The first thing that you need to understand is term weighting schemes. Each term that the engine knows about can be assigned a weight for each document that it appears in. The idea is that the weight assigned to a term indicates how important that term is for that particular document. For example, one of the most popular term weighting schemes assigns high weights to terms that are frequent in a given document but infrequent in the rest of the collection. The idea is that such terms are good discriminators for a document.
Tim mentioned something like this approach in passing in his On Search series. There are a lot of term weighting functions out there. Moffat and Zobel have an interesting paper where they describe a framework into which all of the various functions can be placed, if you're interested in the gory details.

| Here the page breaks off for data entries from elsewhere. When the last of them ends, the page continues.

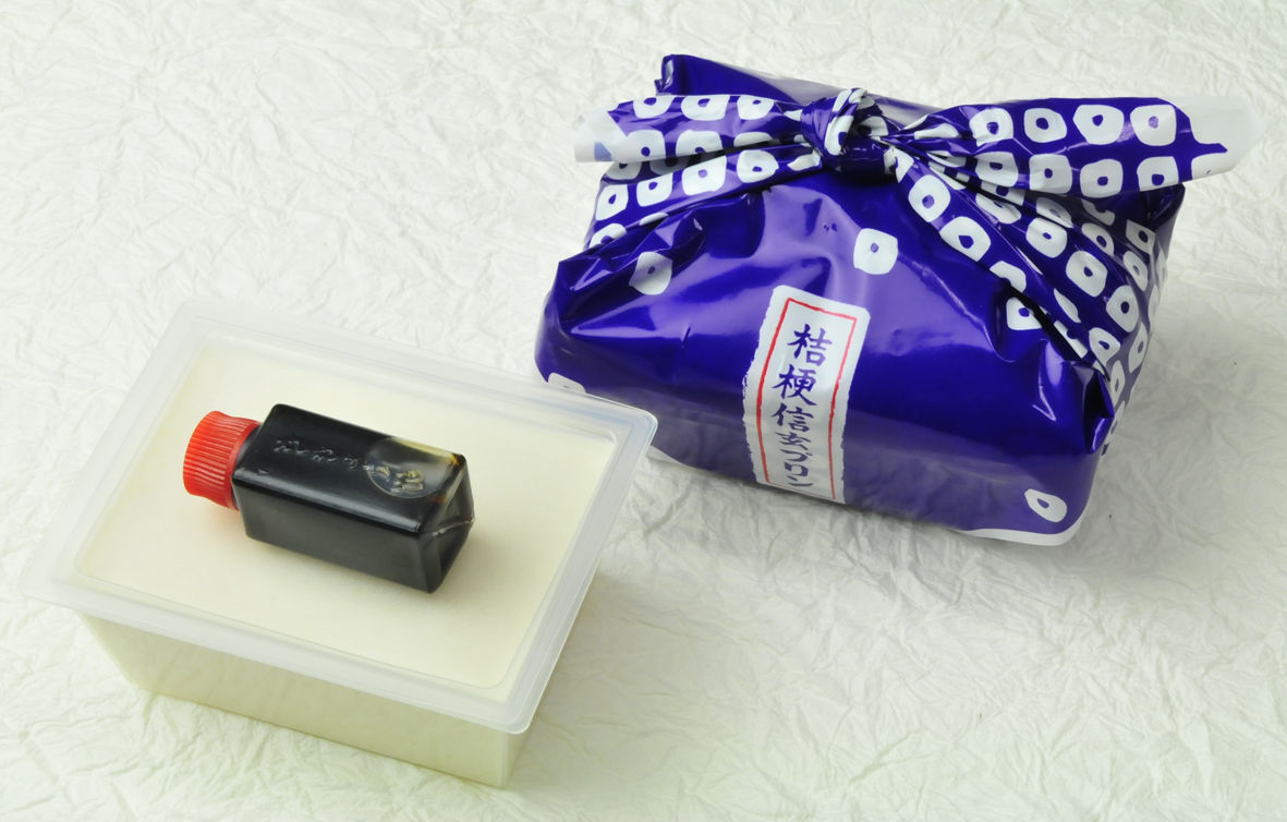 この風呂敷包みと黒蜜がきな粉プリンのフタの上にのっているスタイルは、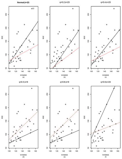 Holbert [43] conducted a Bayesian analysis of a switching linear model and analyzed the Stock Exchange data in America, which includes monthly observations from January 1967 to November 1969. Response variable Y is the monthly dollar volume of sales (in millions) on the Boston Stock Exchange (BSE), and regressor X is the combined New York American Stock Exchange (NYAMSE). The scatter plot shows that a suspicious change-point may exist at some time position, so a regression model with a change-point may be better to fit this data than a simple linear regression model. Chen [1] analyzed this data using the normal change-point model and detected a possible position of change-point, which is with minimal SIC=358.18. Therefore, Chen [1] believed the regression model change starts at the time point 24, December 1968. Osorio and Galea [8] studied this data based on the Student-t model with the SIC technique, finding that for and when the degree of freedom is bigger than 4. Osorio and Galea [8] finally drew the same conclusion as Chen [1] that the regression model change starts at time point 24. Yang [12] detected change-point position 9 based on the Laplace regression model with a minimal SIC=353.83. Carefully examining the scatter plot, it can be seen that point 22 at the top-right is far away from other points, and is much bigger than others; thus, point 22 appears as an outlier. We consider the following robust QR change-point model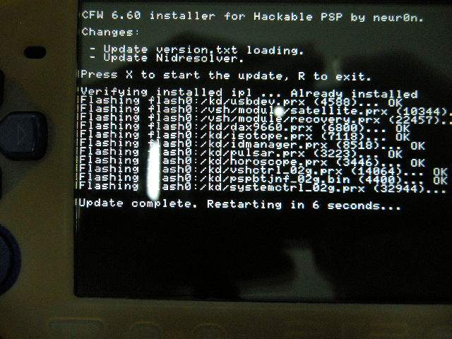 ●導入手順 (1)インストーラをダウンロードし、ms0:/PSP/GAME/UPDATE/以下にとりあえず入れてみる。他のカスタムファームウェアから アップデートするときは公式アップデータPSP v6.60のEBOOT.PBPを660.PBPとリネームしておいておく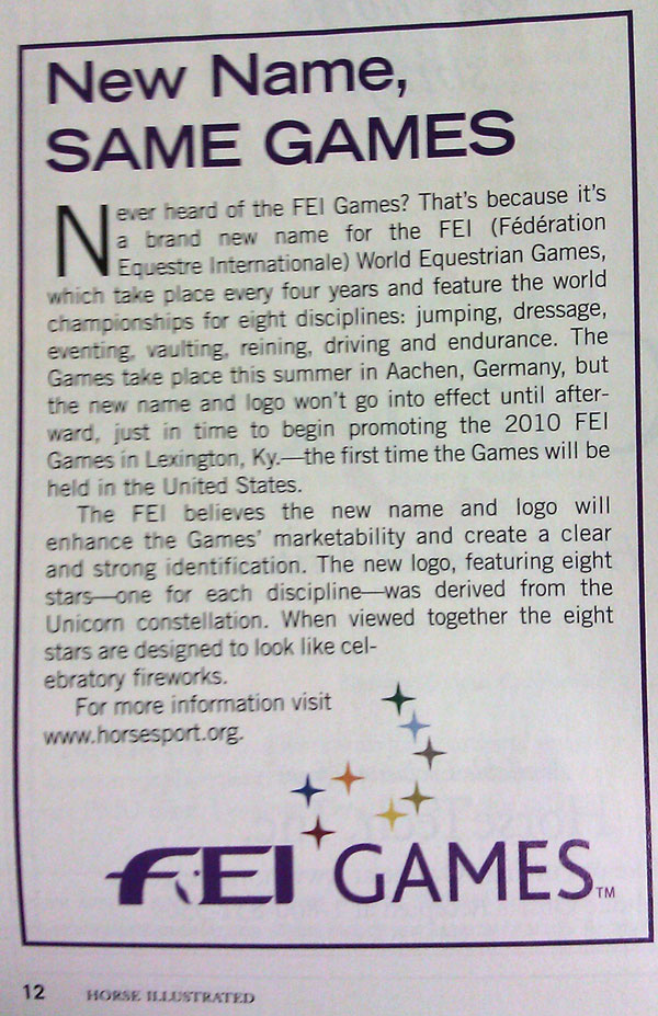 Click for larger imageThe 2010 WEG had been awarded to Lexington, Kentucky by 2006. Originally, part of the marketing effort was to shrink the games’ unwieldy moniker to simply “FEI Games, ” as we reported in 2006. However, the plan for a snappy title changed when Alltech stepped in as the title sponsor, adding a few syllables rather than subtracting them. It certainly worked out for the best in the long run, as Alltech’s financial backing allowed for better promotion and implementation of the event. Read more down below in the 2010 section.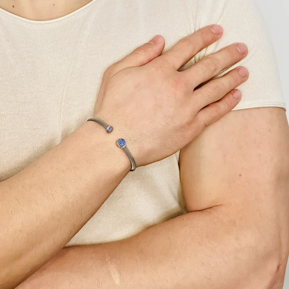 Gümüş Erkek Bileklik , 0.15 Karat Doğal Safir Taşlı,Şık Tasarım,Kararmaz Çelik Bant

Once we've decided on our term weighting function, we need to talk about the Vector Space Model of Information Retrieval. Given a collection of documents, we'll call N the number of unique terms in the collection. Even for small collections, N can get pretty big. For example, a small collection of about 16,000 documents that I use has about 27,000 unique terms! In the Vector Space Model we represent each document as a vector in an N-dimensional space. The components of the vector are the term weights assigned to that document by the term weighting function for each of the N unique terms. Clearly, most of these are going to be 0, since only a few of the N terms actually appear in any given document.
There are a number of similarity measurements that we can use on this vector space representation of the documents (Moffat and Zobel discuss a number of these.) For example, one could simply calculate the Euclidean distance between the points. This might not be the best approach, especially since longer documents will tend to be artifically far away from shorter documents.
One of the more popular similarty measures is to calculate the angle between the vectors for two documents. In most of the formulations of this measure, we first normalize the document vectors to unit length. This allows us to approximate the cosine of the angle between the two vectors by taking the vectors' dot product and it avoids the longer-vs-shorter documents problem.